PROBLEM TO SOLVE » Beginning with the line below that contains "最後に、社長の南川から終わりの挨拶を申し上げた後は、北都銀行 常務執行役員 嵯峨修様のご挨拶と三本締めにて終了しました。" and ending with the line that contains "Figure 1: Crystallized", copy every line exactly. Copy nothing else.
╭─ EXTRACTED DATA
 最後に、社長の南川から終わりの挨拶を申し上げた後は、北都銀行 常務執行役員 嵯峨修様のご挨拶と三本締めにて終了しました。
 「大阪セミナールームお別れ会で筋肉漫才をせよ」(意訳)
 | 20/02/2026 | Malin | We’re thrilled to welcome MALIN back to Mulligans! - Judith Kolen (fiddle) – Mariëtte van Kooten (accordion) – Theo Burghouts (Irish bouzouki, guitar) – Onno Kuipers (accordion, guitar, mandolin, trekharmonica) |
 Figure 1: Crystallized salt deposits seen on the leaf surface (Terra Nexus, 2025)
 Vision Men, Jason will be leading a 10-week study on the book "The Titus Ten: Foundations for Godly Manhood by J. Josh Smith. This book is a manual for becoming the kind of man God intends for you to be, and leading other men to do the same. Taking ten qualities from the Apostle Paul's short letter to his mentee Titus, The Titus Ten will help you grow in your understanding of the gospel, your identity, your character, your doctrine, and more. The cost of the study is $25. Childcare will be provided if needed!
╰─
╭─ EXTRACTED DATA
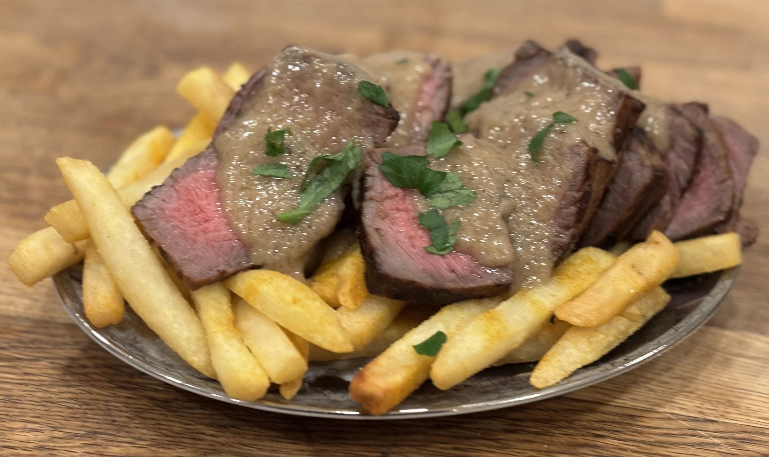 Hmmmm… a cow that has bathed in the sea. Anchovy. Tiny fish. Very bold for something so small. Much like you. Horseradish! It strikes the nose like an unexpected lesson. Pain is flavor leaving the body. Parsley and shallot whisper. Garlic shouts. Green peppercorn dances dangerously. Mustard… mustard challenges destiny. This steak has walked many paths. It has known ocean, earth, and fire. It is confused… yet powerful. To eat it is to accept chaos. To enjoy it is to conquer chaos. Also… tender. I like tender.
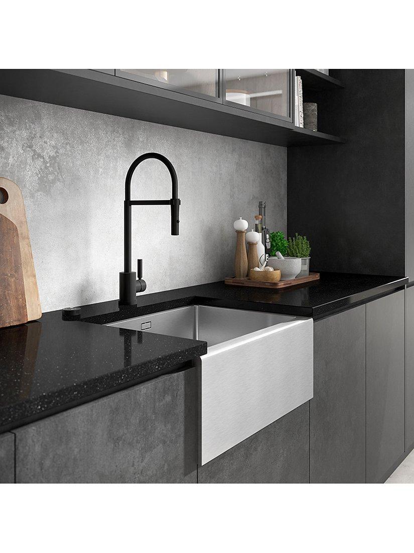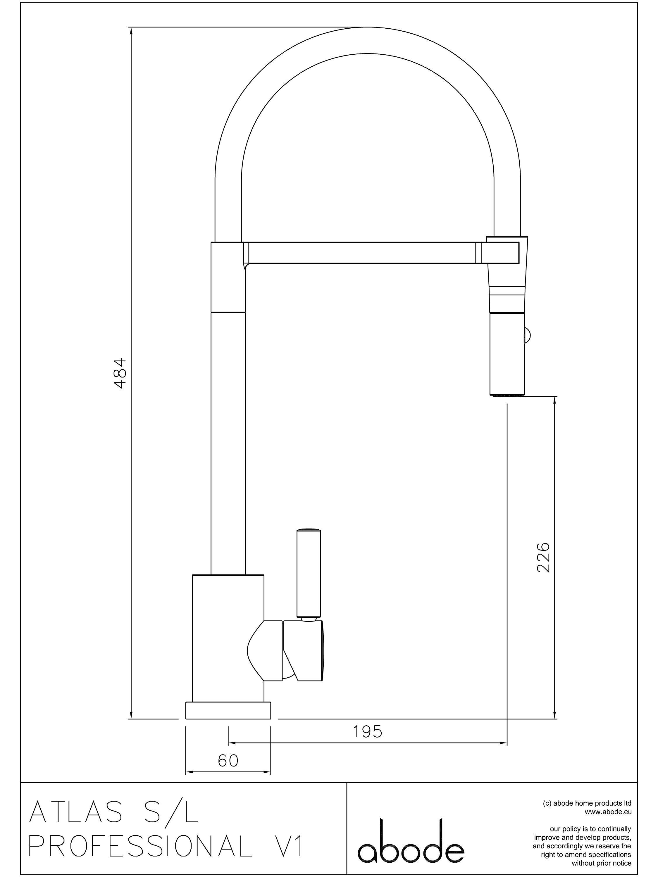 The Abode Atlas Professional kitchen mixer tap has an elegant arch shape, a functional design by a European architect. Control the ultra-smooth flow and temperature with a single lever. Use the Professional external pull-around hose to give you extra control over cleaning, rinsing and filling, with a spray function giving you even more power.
╰─
╭─ EXTRACTED DATA
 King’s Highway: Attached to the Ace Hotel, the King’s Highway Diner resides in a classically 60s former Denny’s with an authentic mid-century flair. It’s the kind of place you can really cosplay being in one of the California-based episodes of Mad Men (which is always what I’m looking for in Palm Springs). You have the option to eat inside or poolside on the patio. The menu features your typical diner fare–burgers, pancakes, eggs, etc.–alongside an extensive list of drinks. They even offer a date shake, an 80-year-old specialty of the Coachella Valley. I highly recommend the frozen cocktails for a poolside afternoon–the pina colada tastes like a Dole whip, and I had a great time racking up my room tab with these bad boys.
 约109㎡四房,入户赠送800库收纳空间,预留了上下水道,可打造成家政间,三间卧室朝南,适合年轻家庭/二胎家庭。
╰─
ANSWER BELOW »
 最後に、社長の南川から終わりの挨拶を申し上げた後は、北都銀行 常務執行役員 嵯峨修様のご挨拶と三本締めにて終了しました。
 「大阪セミナールームお別れ会で筋肉漫才をせよ」(意訳)
 | 20/02/2026 | Malin | We’re thrilled to welcome MALIN back to Mulligans! - Judith Kolen (fiddle) – Mariëtte van Kooten (accordion) – Theo Burghouts (Irish bouzouki, guitar) – Onno Kuipers (accordion, guitar, mandolin, trekharmonica) |
 Figure 1: Crystallized salt deposits seen on the leaf surface (Terra Nexus, 2025)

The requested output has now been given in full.